In 1987, petitioner was indicted on, and in 1988 he was convicted of, various counts arising out of his relationship with Wedtech. Among those counts were (1) racketeering in connection with his demand and receipt of the Wedtech shares and $50,000 in exchange for influencing public officials to grant a lease to Wedtech; (2) extortion, bribery, and receipt of an unlawful gratuity in connection with his demand and receipt of the Wedtech shares; (3) making false statements in concealing his ownership of the Wedtech shares; (4) filing false income tax returns for failing to report income derived from acquisition of the Wedtech shares; and (5) perjury in connection with falsely testifying before a grand jury.
The Wedtech shares were not delivered to petitioner, but were delivered to his son, Richard Biaggi (Richard), who received the Wedtech shares as petitioner’s nominee. Richard was convicted of filing false income tax returns by overstating his income to include the receipt of the Wedtech shares on his 1983 return and reporting gain from the sale of 25,000 shares on his 1985 return.
I know people get in trouble for overstating their income, to claim the Earned Income Credit, but that charge against Richard seems really unusual.
At any rate, the 112,500 Wedtech shares were received in 1983 around the time of Wedtch’s IPO in which the shares were going for $16 per share. The IRS valued the shares at $11.20 to account for the two year restriction on transfer and other contemporary transactions. Biaggi tried to argue that the $0.31 per share book value was a better indication, but the Tax Court was not buying that.
In addition to those inferences, petitioner is collaterally estopped from denying the following facts established in his criminal trial: The Wedtech shares were paid to petitioner as a bribe to influence him to use the power of his office to secure Government contracts for Wedtech. The Wedtech shares were paid to him in response to extortionate demands by him. Petitioner knew that, if the shares were received by him in his own name, his income for 1983 would exceed the statutory cap on income provided for under rules of the U.S. House of Representatives. For that reason, petitioner agreed to have the Wedtech shares registered in the name of Richard. When the Wedtech shares were issued, petitioner knew that, under the circumstances, he was the owner of those shares, that Richard was not, and that Richard received those shares as a nominee for petitioner. When the Wedtech shares were issued, petitioner knew that, as owner of those shares, he was required to report the value of those shares as income for 1983, as he had been advised by his accountant. In 1985, Richard, as petitioner’s nominee, sold the 25,000 shares and improperly reported the gain on his income tax return. Petitioner did not report any gain in connection with the sale of the 25,000 shares.
No Luck On Appeal
Biaggi appealed to the Second Circuit, objecting to the failure of the IRS to release special agent reports that were submitted to the Grand Jury and on the valuation issue, but had not luck.

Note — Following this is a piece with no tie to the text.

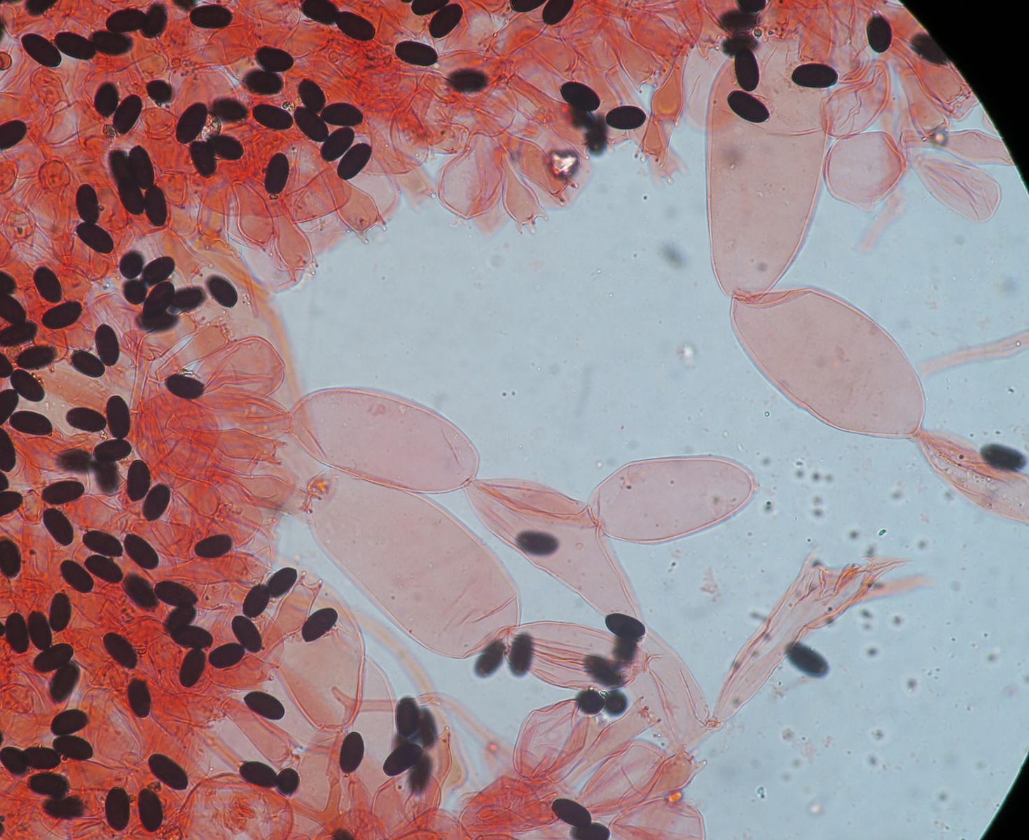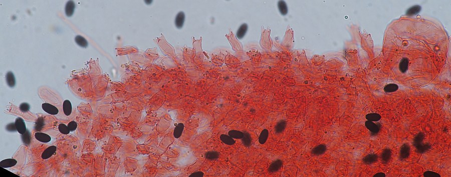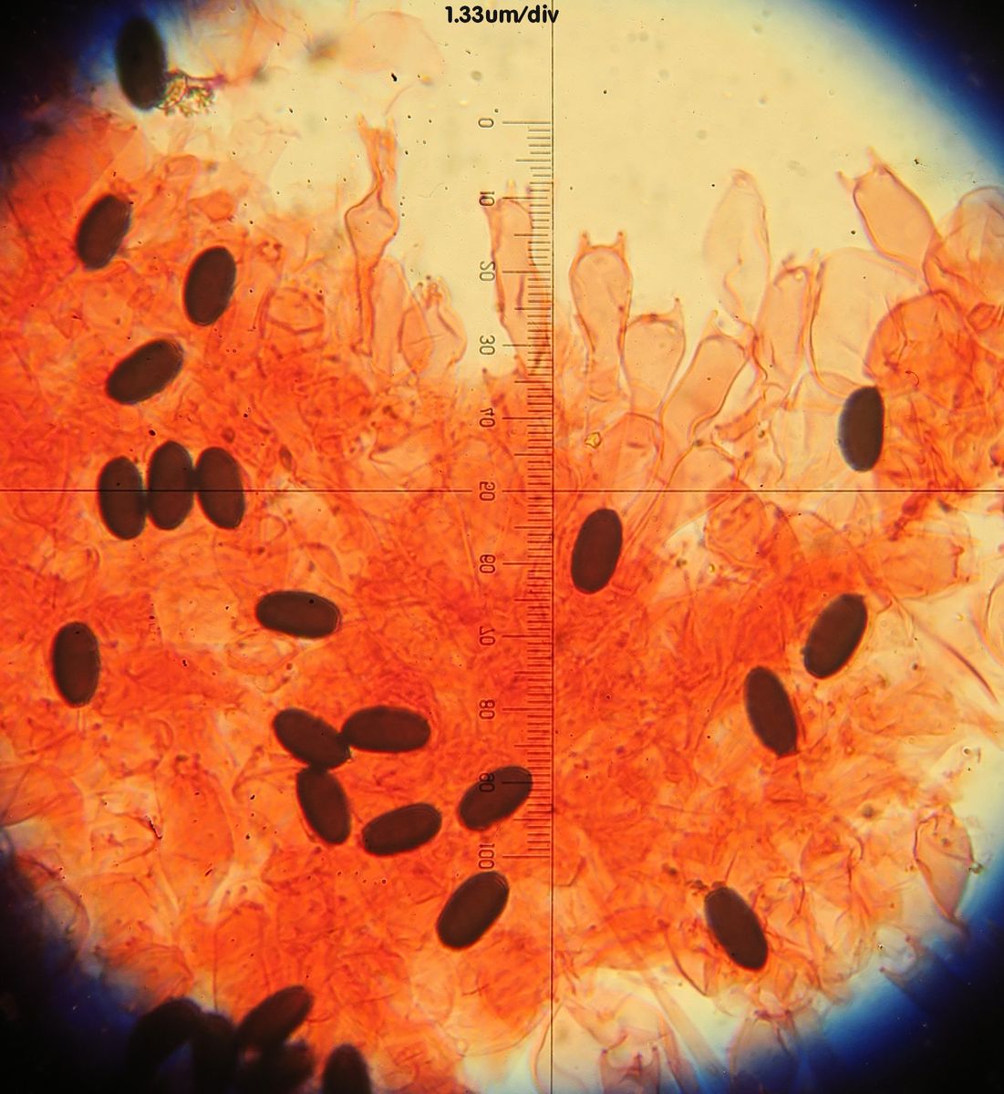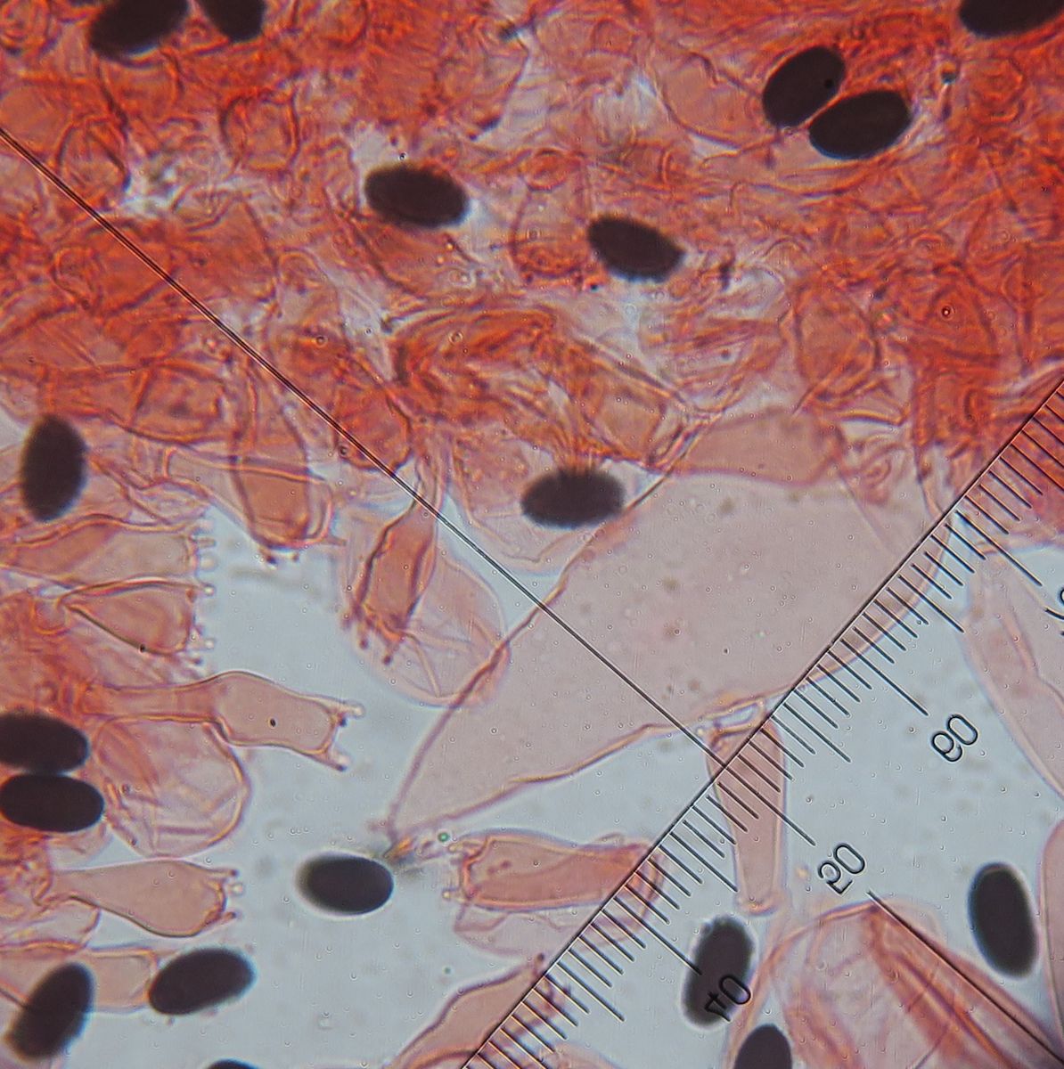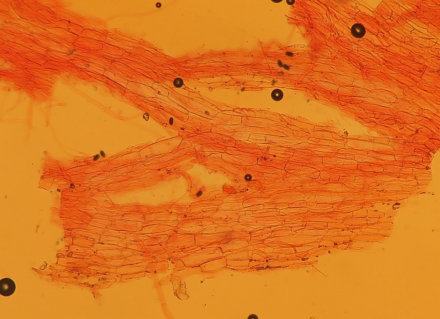 Veil composed of cylindrical hyphae, mostly straight, variable in size but uniformly arranged; (24-)43(-62.4) x (9.3-)13.3(18.3)um

An interesting point that I have not been able to determine is whether the IRS ended up whipsawing the Biaggi family. The assessment for Mario Biaggi not reporting the income from the grant of Wedtech stock relied on the six year statute. So was it too late for Richard Biaggi to claim a refund for the income that he had over-reported? Perhaps a protective refund claim went in early in the game.
In some ways the tax decision coming on top of the criminal conviction really makes me think there might have been something to Biaggi’s contention that he was a victim of Giuliani’s ambition. When you look at the big picture of the transactions, nobody seems to have been getting away with anything from an income tax perspective.